[comp.lang.functional] Type Inference in ML

mmcg@bruce.cs.monash.OZ.AU (Mike McGaughey) (01/17/91)

There *is* an anomaly in the LML type inference algorithm - one which
has recently prevented my use of the language for some very elegant
continuation based solutions to problems.  The simplest form of the
problem is that the expression

	let x = hd o hd in x

will typecheck properly - to (List (List *a))->*a) - whereas

	(\x.x o x) hd

will not.  The problem with the second expression seems to be that the
inference algorithm erroneously expects both of the 'x' values in the
x o x to have the same type signature, when in fact it is only the _form_
of the signature that should be shared (perhaps a new set of type
variables should be created for each occurrence of x, and then unified
in the normal way).  Thus the type of x in the expression is given as
(*a->*a).

I have three questions: can anyone point me to an algorithm or paper
describing a polymorphic type system which does not share this
anomaly?  Are there any readily available lazy functional languages
which use this system?  Has anyone modified the LML compiler to do
this? (looks around hopefully... :-)

Cheers,

    Mike.
-- 
Mike McGaughey			ACSNET:	mmcg@bruce.cs.monash.oz

"His state is kingly; thousands at his bidding speed,
 And post o'er land and ocean without rest."		- Milton.

brian@comp.vuw.ac.nz (Brian Boutel) (01/17/91)

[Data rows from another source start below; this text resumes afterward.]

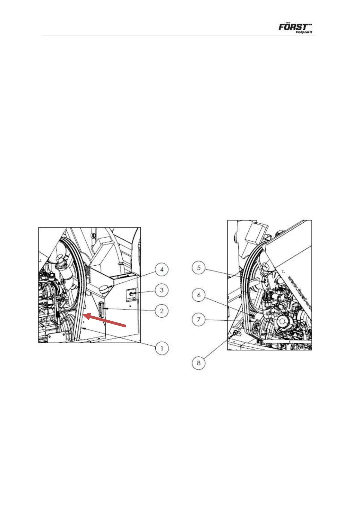 2. Turn adjuster nut (8) to tension belt until 4.5Kg force at the belt longest centre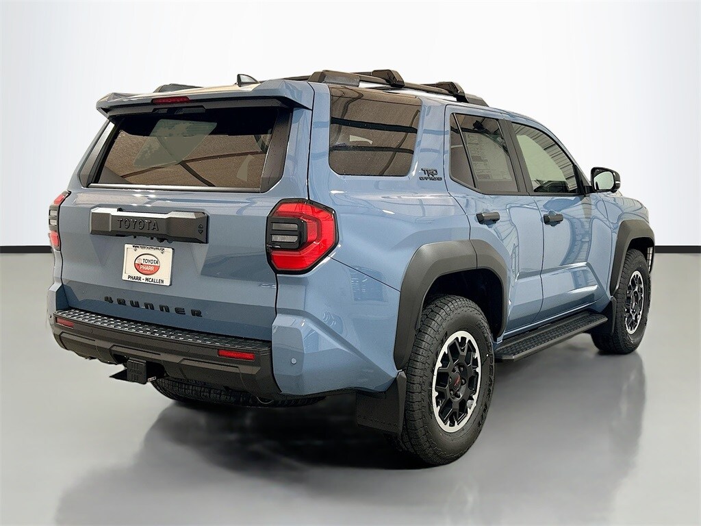 2026 Toyota 4Runner Heritage Blue 4WD TRD Off-Road Premium 8-Speed Automatic 2.4L 4-Cylinder 4WD, Black Artificial Leather, 15 Speakers, 4-Wheel Disc Brakes, ABS brakes, Air Conditioning, Alloy wheels, AM/FM radio: SiriusXM, Anti-whiplash front head restraints, Apple CarPlay/Android Auto, Auto High-beam Headlights, Auto-dimming Rear-View mirror, Automatic temperature control, Brake assist, Bumpers: body-color, Compass, Driver door bin, Driver vanity mirror, Dual front impact airbags, Dual front side impact airbags, Electronic Stability Control, Emergency communication system: Safety Connect (1-year trial), Exterior Parking Camera Rear, Front and Rear Molded Black 4Runner Mudguards, Front anti-roll bar, Front Bucket Seats, Front Center Armrest, Front dual zone A/C, Front fog lights, Front reading lights, Front wheel independent suspension, Heated and Ventilated Front Bucket Seats, Heated door mirrors, Heated front seats, Heated steering wheel, Illuminated entry, Interior D-Pillar Cargo Lights, Knee airbag, Leather Shift Knob, Leather steering wheel, Low tire pressure warning, Memory seat, Moonroof, Navigation System, Occupant sensing airbag, Outside temperature display, Overhead airbag, Overhead console, Panic alarm, Passenger door bin, Passenger vanity mirror, Power door mirrors, Power driver seat, Power passenger seat, Power steering, Power windows, Radio: 14" Audio, Rear anti-roll bar, Rear seat center armrest, Rear side impact airbag, Rear window defroster, Rear window wiper, Remote keyless entry, Security system, SofTex Seat Trim, Speed control, Speed-sensing steering, Split folding rear seat, Spoiler, Steering wheel mounted audio controls, Tachometer, Telescoping steering wheel, Tilt steering wheel, Tow Technology Package, Traction control, TRD Offroad Premium, Trip computer, Turn signal indicator mirrors, Variably intermittent wipers, Ventilated front seats, Wheels: 18" Matte-Black Painted, 4WD, Black Artificial Leather.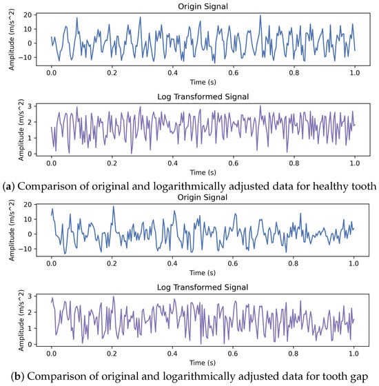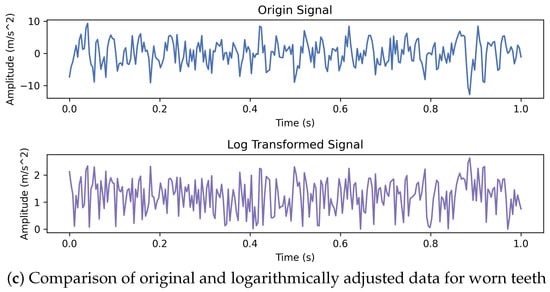This study applied a logarithmic (Log) nonlinear transformation function to the vibration signals of industrial gearboxes, combined with signal standardization. The primary motivation for this approach lies in the characteristics of vibration signals, which often exhibit large amplitude peaks and small background fluctuations. Directly processing the raw signal may cause the model to overly focus on high-amplitude features while neglecting subtle yet important variations. By applying the Log transformation, the dynamic range of the signal is compressed, reducing the influence of large amplitudes while enhancing the relative importance of small-amplitude features, thus achieving a more balanced feature distribution. Moreover, the Log transformation suppresses noise signals to some extent, improving the signal-to-noise ratio. However, it is important to note that the Log transformation itself is not a normalization process—it only adjusts the amplitude proportions of the signal without scaling it to a specific range (e.g., [0, 1] or [−1, 1]). To eliminate differences in magnitude between signals, we further standardized the Log-transformed signal to ensure a more consistent feature distribution. The results of applying the Log nonlinear transform to the healthy tooth, tooth gap, and worn teeth cases are shown in Figure 6.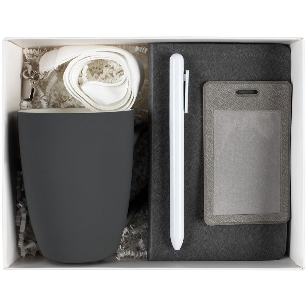 Лаконичный приветственный набор Hop In содержит все самое необходимое для успешной и быстрой адаптации нового сотрудника в команде. Это основные офисные принадлежности — блокнот и ручка — для подробной записи идей и планов; чехол для пропуска на ленте — для безопасности и идентификации; компактная кружка — для приятного перерыва в компании с новыми коллегами.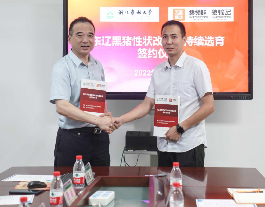 会上,绍兴天圣牧业有限公司与动科动医学院签订了东辽黑猪性状改良与持续选育的技术服务协议,该项目旨在深入研究东辽黑猪的优质基因育种、优良种群保种等关键技术领域,以进一步培育扩繁优质纯种东辽黑猪并推动产业化应用。绍兴天圣牧业公司计划出资150万元投入该项目研究。双方表示,将进一步发挥资源优势,共享平台和技术,制订和实施核心种群选育计划,把东辽黑猪选育成更优质的种猪,为老百姓提供品质更好、营养更佳的猪肉。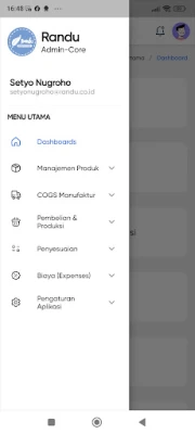 Randu - Admin Core adalah aplikasi yang menangani manajemen produk, manajemen pembelian material, pembelian bahan setengah jadi, manajemen penyesuaian stok dan pengaturan aplikasi.

In article <3603@bruce.cs.monash.OZ.AU>, mmcg@bruce.cs.monash.OZ.AU
(Mike McGaughey) writes:
|> There *is* an anomaly in the LML type inference algorithm - one
|> which
|> has recently prevented my use of the language for some very elegant
|> continuation based solutions to problems.  The simplest form of the
|> problem is that the expression
|> 
|> 	let x = hd o hd in x
|> 
|> will typecheck properly - to (List (List *a))->*a) - whereas
|> 
|> 	(\x.x o x) hd
|> 
|> will not.  The problem with the second expression seems to be that
|> the
|> inference algorithm erroneously expects both of the 'x' values in
|> the
|> x o x to have the same type signature, when in fact it is only the
|> _form_
|> of the signature that should be shared (perhaps a new set of type
|> variables should be created for each occurrence of x, and then
|> unified
|> in the normal way).  Thus the type of x in the expression is given
|> as
|> (*a->*a).
|>

This is NOT erroneous. It is quite normal Hindley/Milner typing, and
other functional languages behave the same way. It is usually expressed
by saying that the type variables associated with lambda-bound variables
are non-generic.

Indeed it is the reason why functional languages need the let (or where)
syntax. In all respects other than type inference, let a = b in c is
equivalent to (\a.c)b. If you want the type behaviour of the let form,
use it.

The type given to \x.x o x  is Forall t. (t -> t) -> (t -> t), but it
would appear that a more general type is  Forall T,t. (T t -> t) -> (T(T
t) -> t), where T is a type constructor variable, e.g T could
instantiate to List or Tree. etc. Unfortunately, quantification over
type constructors is second order, and undecidable.

--brian
-- 
Internet: brian@comp.vuw.ac.nz
Postal: Brian Boutel, Computer Science Dept, Victoria University of Wellington,
        PO Box 600, Wellington, New Zealand
Phone: +64 4 721000

farrell@batserver.cs.uq.oz.au (Friendless) (01/17/91)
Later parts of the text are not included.